John Archibald

Information on this page is from History of Rensselaer Co., New York by Nathaniel Bartlett Sylvester, published in 1880.

JOHN ARCHIBALD was eldest of a family of four sons of Thomas Archibald, of the city of Durham, England, and was born March 11, 1788.

In 1819 his brother Thomas, who had been educated in Durham, emigrated to America. For two years he lived in Greenbush, this county, and for twenty-five years he was a resident and business man of Troy, N. Y. He received a license to exhort in the Methodist Episcopal Church in 1823; in 1833 he was fully licensed to preach, and in 1839, at Schenectady, he was ordained a deacon by the venerable Bishop Hedding. The last nineteen years of his life were spent in Chautauqua co., N. Y., where he died Nov. 20, 1868, aged seventy-five.

His mother died when he was only seven years old. At the age of twelve John went into service on a farm, and was employed in various ways until the age of twenty, when he became superintendent of the construction of the Neesam Railway, - one of the first built in England. At the age of twenty-two he married Ann, daughter of Robert and Jane Elvin. She was born in 1788.

For several years following his marriage he was a butcher and accumulated quite a comfortable competence. In June, 1823, he came to America, remained a few months with his brother, then in Troy, and returned for his family.
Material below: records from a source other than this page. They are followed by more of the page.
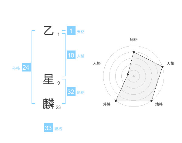 乙 星麟さんの総格は33画の4点!
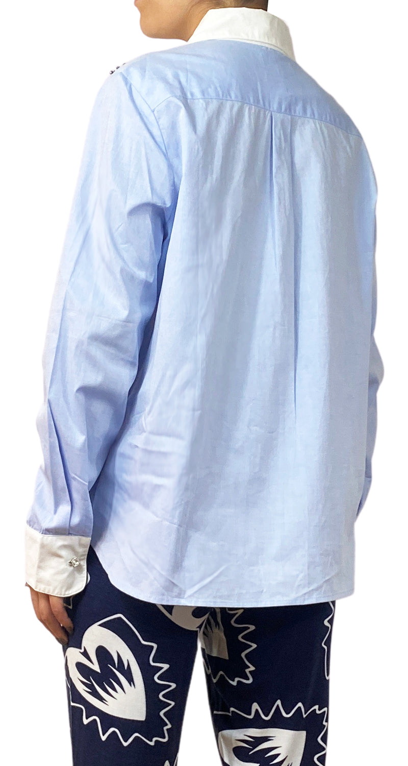 Blusa Color Azul con diseño de brillos en hombros, cuello y puños color Blanco. Talla 1 de la marca.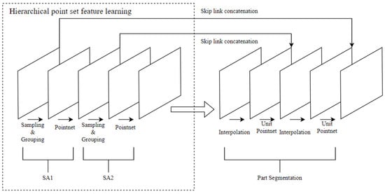 For segmentation networks, PointNet++ adopts an Encoder–Decoder structure, where features are connected through skip link concatenation. Interpolation targets segmentation networks because segmentation results require assigning a semantic label to each point cloud. However, only the features of the down-sampled point cloud are obtained after the SA layer. The purpose of interpolation is to obtain the features of the points ignored during the down-sampling process. Unit PointNet consists of the MLP and Rectified Linear Unit (ReLU) and constitutes the subsequent MLP operation after the max pooling in the PointNet layer.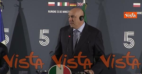 (Agenzia Vista) Roma, 16 maggio 2025 "Cinque ministri diversi, con cinque coalizioni diverse, cinque storie politiche diverse. Abbiamo tutti la stessa idea della necessità di un'Europa della difesa da costruire, abbiamo tutti la stessa visione. Pensiamo che vogliamo costruire in modo concreto un'Europa della Difesa. Di fronte al più grande pericolo in Europa stiamo dando una risposta concreta. Solo costruendo l'Europa della difesa saremo presi in considerazione dagli Stati Uniti e dalla Nato" così il ministro della Difesa Guido Crosetto, intervenendo alla conferenza a margine della riunione dei ministri della difesa E5. Fonte: Agenzia Vista / Alexander Jakhnagiev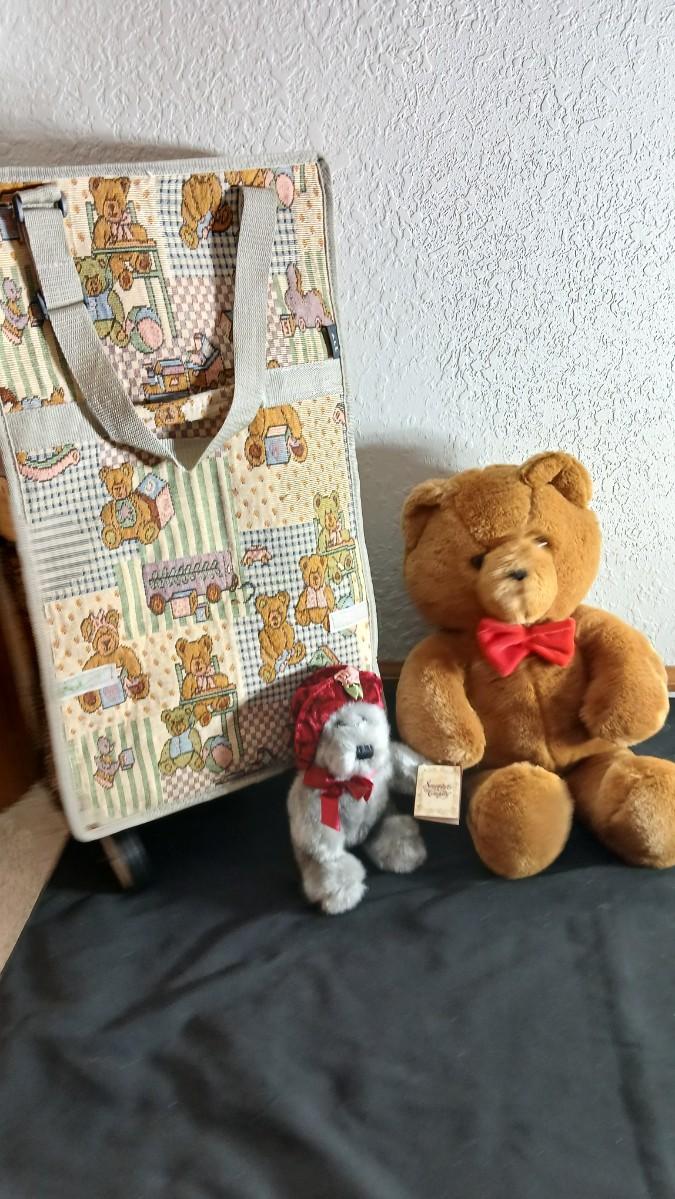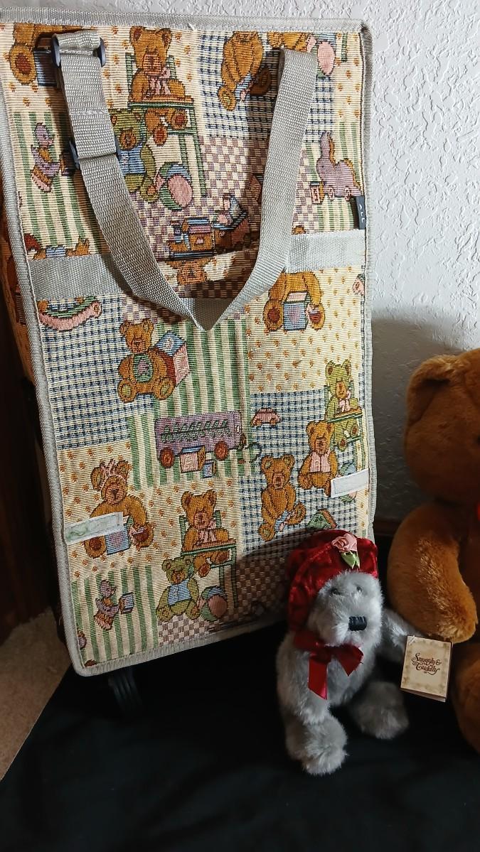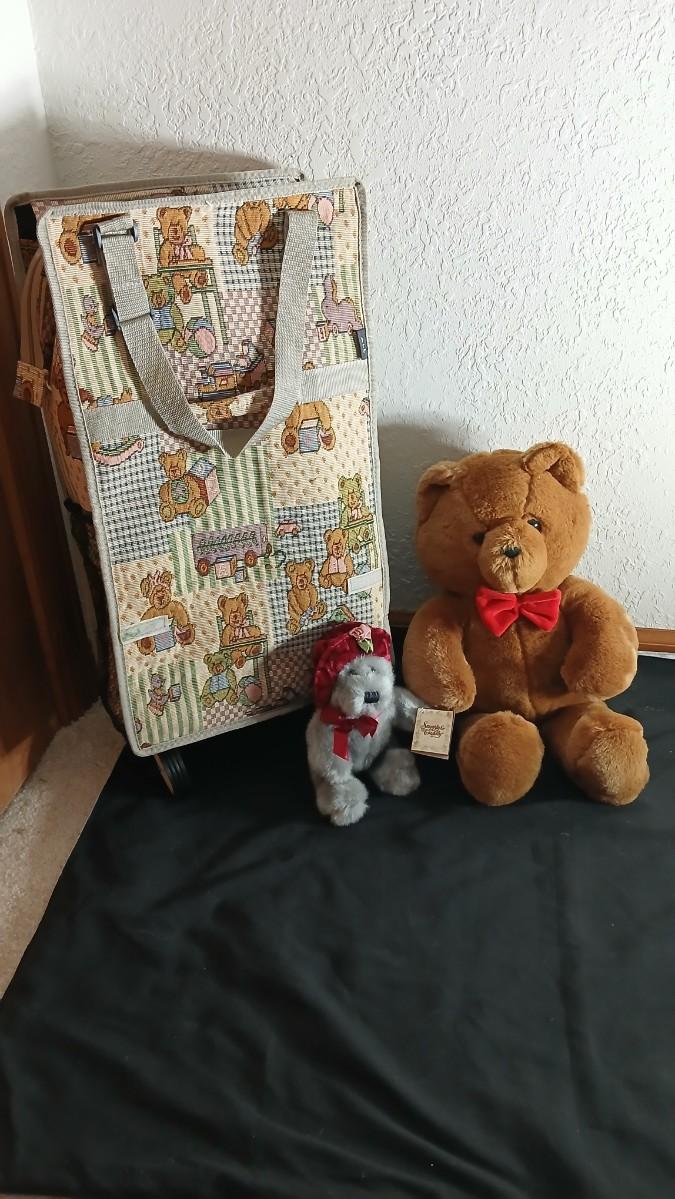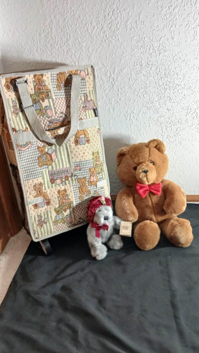 Brand new Bear pattern luggage with wheels and two teddy bears Dakin & Snuggly & Cuddly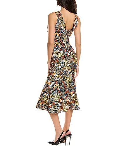 - Gianna Midi Dress in yellow multicolor with mermaid hem

In the spring of 1824 he bade adieu to the land of his birth, and with his wife and only daughter, Elizabeth, reached New York in June of the same year, settling in Troy, where he has since resided.

For fifteen years as a butcher and proprietor or a market, and eighteen years as a brick-manufacturer, he was familiarly known to the citizens of Troy. While carrying on the meat market be began to operate in real estate, and for forty years he has been engaged as a dealer in houses and lots, and has caused to be erected on Tenth, Fifth, and Sausse Streets, and on Oakwood Avenue, some forty buildings. His integrity in all his business operations, his continued activity in business circles for a half-century, and his genial, unostentatious ways, have made him widely known and respected in the community where resides. He formerly belonged to the Democratic party, but since 1858 has been a Republican. His life has been one of activity, and his career as a business man successful. He has never been solicitous of much publicity, yet many years ago, in 1857, he was inspector of election, and in 1858-59 represented the Tenth Ward in the common council.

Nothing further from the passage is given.